I think this spurious interrupts caused by PCIe legacy IRQ. In the next boot as soon as controller is initialized maybe endpoint send Assert INTA message because PCIe MSI is not yet enabled. Since endpoint driver is not yet binded, it caused spurious interrupts. In the hard reset case, power is cutoff to the endpoint, so you are not seeing this issue.
Please debug from this point of view and see if endpoint is sending Assert INTA.

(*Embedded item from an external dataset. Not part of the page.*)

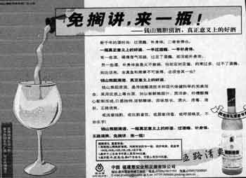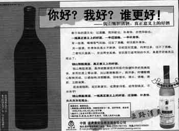在营销这块地盘混得久了,就常有人问:和大侠叶茂中交往过没有?我每次都是这样回答:一直没缘与他面晤,但三四年前在广告界混时,一不留神和那厮过了一招! 一、接招 那是三四年前,笔者在一家广告公司做文案。钱山熊胆酒的老板上门来了,要求我们提供策划服务。客户谈到:“叶茂中给我们做过策划,但销售不是很成功。当然这其中不仅仅是策划公司的问题,也有我们执行和系统配合的问题。我们希望先从报纸广告开始,磨合之后和你们进入全面合作。” 叶茂中的客户!他可是我们刚入行的广告人的仰慕的名星!客户走了之后,老大发话鼓励我们:“不要听说叶茂中都失败了,我们就胆战心惊了!他不就戴着棒球帽在北京混嘛!” 有老大鼓劲,我们便加足油门向前冲了。找出叶茂中的《转身看策划》,仔细分析他们的策划思路;把老叶拍的《熊说来一杯》广告片研究了一遍又一遍,慢慢悟出了一点道道。 二、过招 终于点着了叶茂中的穴道!老叶把钱山熊胆酒定位于“不伤肝的酒”,但用“不伤肝的酒”来定位能“清热解毒,养心护肝”的熊胆酒岂不是太缺乏力度?因为“不伤肝”和“护肝”这两个概念有根本的不同!这和“不会中毒的牛奶”“不会拉肚子的纯净水有什么区别! “黄金易得,熊胆难求”,用这样的卖点来刺激消费者当然注定要失败,可叹!可惜! 三、拆招 第一招:雾里看花--我们的广告说什么? 钱山熊胆清酒到底是什么?雾里看花,也应看得真真切切,清清楚楚,明明白白。 是清酒?名称上是清酒,但与日本清酒是完全不同的概念。 是白酒?主要成分是白酒,但因配以熊胆汁、柠檬汁,而具有了不同的口感、颜色,更重要的是赋予了保健功效。 是传统补酒?有补身体的作用,清火、清毒、清肝,但却因能养心护肝,而勿须如饮普通补酒般定时定量,人人均可借海量大喝特喝。 是果酒?有柠檬味,但却是不折不扣的粮食酒,而且也没有红酒所具有的浪漫高雅的内涵。 是啤酒?酒精度跟啤酒相近,却不具有啤酒的特点。25元—28元价位足以吓倒啤酒族,这以是在明目张胆地与中高档红酒、白酒叫板了。 钱山熊胆清酒就处在这般尴尬境地:什么都是,什么都不是,四面树敌,骑虎难下。 但,这也正是机遇之所在。 我们的出路在将其定位于一种有自己特色的新型酒,来创造一种消费氛围,引导消费潮流,跳出这进退两难的怪圈。 产品定位:钱山熊胆清酒,是一种既能过酒瘾,又能补身体的、能当普通酒喝的功能性补酒。 这个定位,既有效地将钱山熊胆清酒与其他酒区分开来,赋予其鲜明个性,而又切合了现代人越来越强烈的健康意识,消费者以很好的消费由头。 第二招:有的放矢--我们的广告向谁说? 根据钱山熊胆清酒的特点,可以归纳实际消费者和潜在消费者具有如下特点: 1、有一定的消费能力; 2、有一定的保健意识; 3、有理性的消费意识 4、倾向于喝低度酒; 5、有一定的品位 综合以上五点,符合这些特点的消费群体以中青年男女为主,他们常处于社交场合,应酬较多,消费具有代表性,对喜欢的品牌和产品较忠诚,但同时愿意学尝试新生事物。因此我们在创作过程中,应关注中青年人的生理、心理状态,有的放矢。这样同时避开了众军拼杀的老年补酒市场。但由于中青年人是消费的意见领袖,这部分群体依然会被牢牢抓住。 第三招:攻心为上--我们的广告该怎么说 怎样才能打动消费者? 幽默!让人会心一笑的,必定是能打动人心的; 简单!最简单的,往往是最能深入人心的 排他!只有排他性,才能产生震撼力。 正是基于以上三个原则,我们进行了系列文案创作; (一)报纸文案 1、《上看,下看,各一半》篇(见图1)和《左派,右派,中间派》篇(见图2),侧重于将产品与普通酒及传统补酒相比较,突出产品特点,并将“过酒瘾”与“补身体”两个特点用上下部分,左右部分来体现,直观明了,给人留下深刻印象。而同时“上看下看”是流行歌词,“左派右派”是政治术语,有趣味,有意味。更重要的是,“各一半”、“中间派”高度形象地概括了产品的特点,使其从其他产品中脱颖而出。 2、《你好,我好,谁更好》篇(见图3)则是将钱山熊胆清酒与其他酒作一次全面比较,以拟人手法,借其他的酒的转身面对,“不好意思见观众”,突出了产品优势,耐人寻味。 3、《免搁讲,来一瓶》(见图4)则是正面推出钱山熊胆清酒,以一句闽南方言但人们又都能懂的标题,对前面系列文案进行总结和升华,有地方特色,同时掷地有声,极具号召力。 四、悟招 平面设计师用最快的设计好,AE用最快的速度提交给客户。三天后,客户的电话铃响了,传来客户总经理的声音:“我们营销会议刚开完了。所有的人一眼都看中了你们创作的广告!” 项目小组全体成员唱起了任贤齐的“左看,左看,真是不简单……” 现在回想起来,这四篇文案并无特别精彩之处,但由于准确把握了文化内涵,从而满足了客户需求。因为现代社会的竞争,是深层次的、全方位的竞争,产品已经由单一的质量上的竞争上升到了文化上的竞争,产品也许很快换代,但文化却是永恒的,并能够不断向内延伸和向外拓展。 “广告不分精彩不精彩,只分合适不合适”,广告只有适合了产品,才能真正起到促进销售的作用,只有这样的广告,才能是成功的广告。

From Tegra you can forcefully disable INTX completely since you are using MSI, but this is not recommended solution. You can clear this bit as part of PCIe controller initialization in file: kernel/nvidia/drivers/pci/dwc/pcie-tegra.c, func: tegra_pcie_enable_legacy_interrupts()
val |= APPL_INTR_EN_L1_8_INTX_EN; → remove this line
Note: This change will impact all controllers, if you have other endpoint which are using legacy interrupt then it work. In that case you have add condition logic, based on domain number or DT entry.

Thanks,
Manikanta

This topic was automatically closed 14 days after the last reply. New replies are no longer allowed.